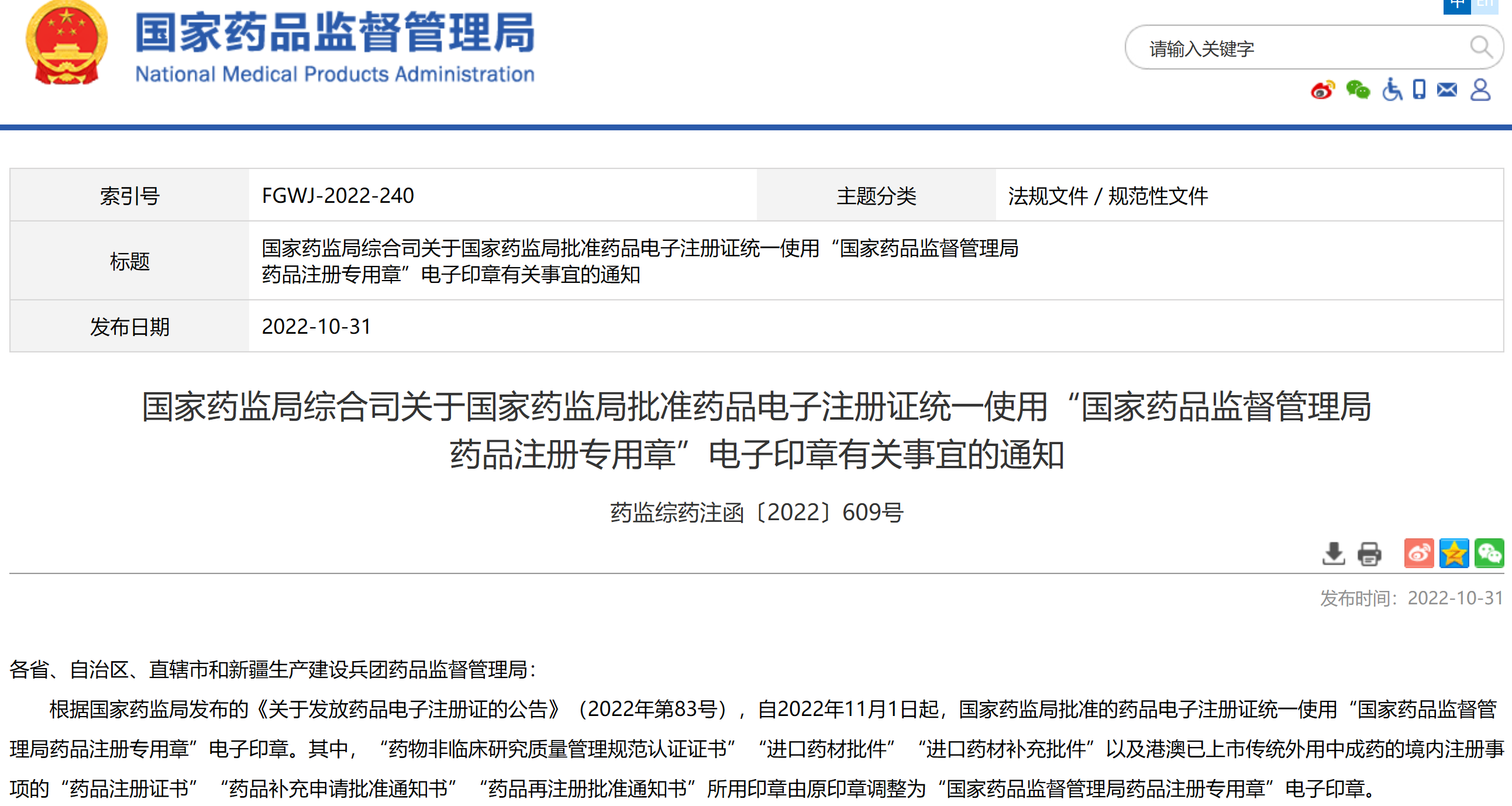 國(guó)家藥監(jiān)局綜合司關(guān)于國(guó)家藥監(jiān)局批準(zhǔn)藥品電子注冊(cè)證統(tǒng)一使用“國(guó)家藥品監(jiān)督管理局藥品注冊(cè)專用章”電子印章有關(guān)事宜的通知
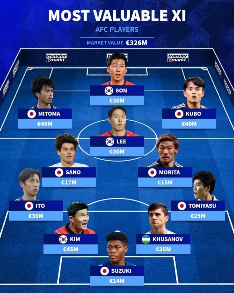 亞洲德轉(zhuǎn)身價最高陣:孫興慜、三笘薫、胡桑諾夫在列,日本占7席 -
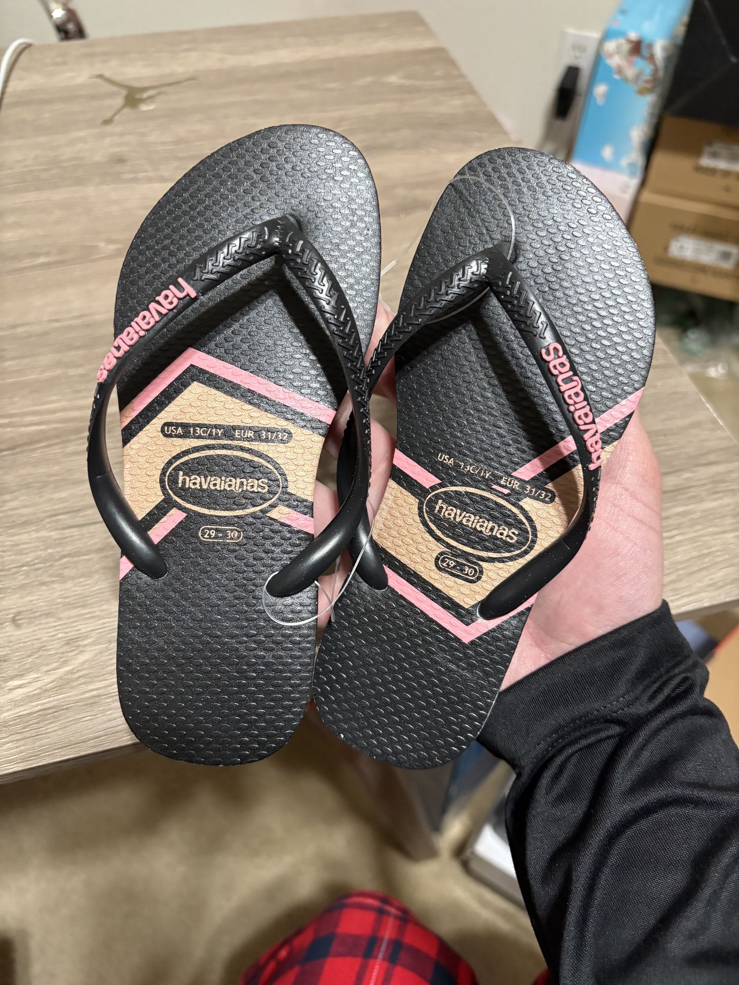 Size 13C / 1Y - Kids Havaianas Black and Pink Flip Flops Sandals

...

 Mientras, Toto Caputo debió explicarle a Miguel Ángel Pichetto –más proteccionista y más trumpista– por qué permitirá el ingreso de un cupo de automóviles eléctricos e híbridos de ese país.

* * *

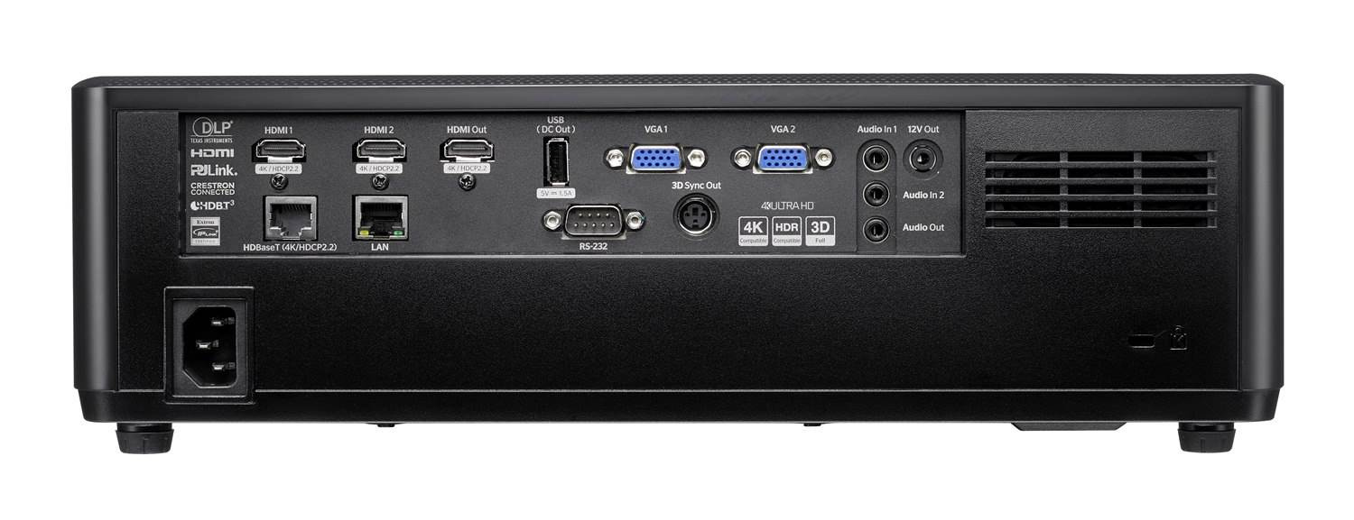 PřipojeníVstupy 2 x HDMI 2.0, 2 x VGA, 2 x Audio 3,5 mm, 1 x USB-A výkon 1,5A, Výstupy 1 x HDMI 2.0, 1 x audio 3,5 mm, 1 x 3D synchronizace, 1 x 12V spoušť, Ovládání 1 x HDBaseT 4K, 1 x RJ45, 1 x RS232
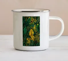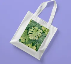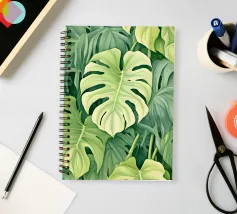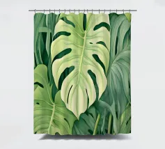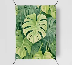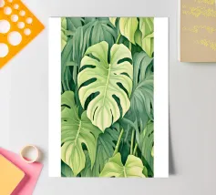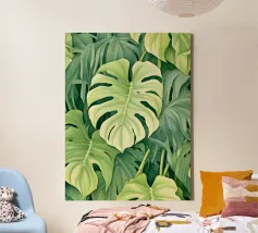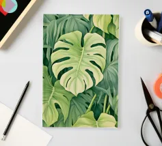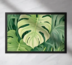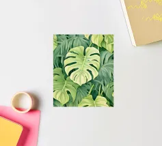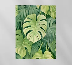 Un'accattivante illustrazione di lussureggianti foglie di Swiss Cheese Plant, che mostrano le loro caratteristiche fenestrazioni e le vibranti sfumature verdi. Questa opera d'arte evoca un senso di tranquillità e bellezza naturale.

Exercise aim:
Go down the entries above from the line containing "國(guó)家藥監(jiān)局綜合司關" to the line containing "Size 13C / 1Y" and write out each line exactly, leaving pictures out.

Result below:
 國(guó)家藥監(jiān)局綜合司關(guān)于國(guó)家藥監(jiān)局批準(zhǔn)藥品電子注冊(cè)證統(tǒng)一使用“國(guó)家藥品監(jiān)督管理局藥品注冊(cè)專用章”電子印章有關(guān)事宜的通知
 亞洲德轉(zhuǎn)身價最高陣:孫興慜、三笘薫、胡桑諾夫在列,日本占7席 -
 Size 13C / 1Y - Kids Havaianas Black and Pink Flip Flops Sandals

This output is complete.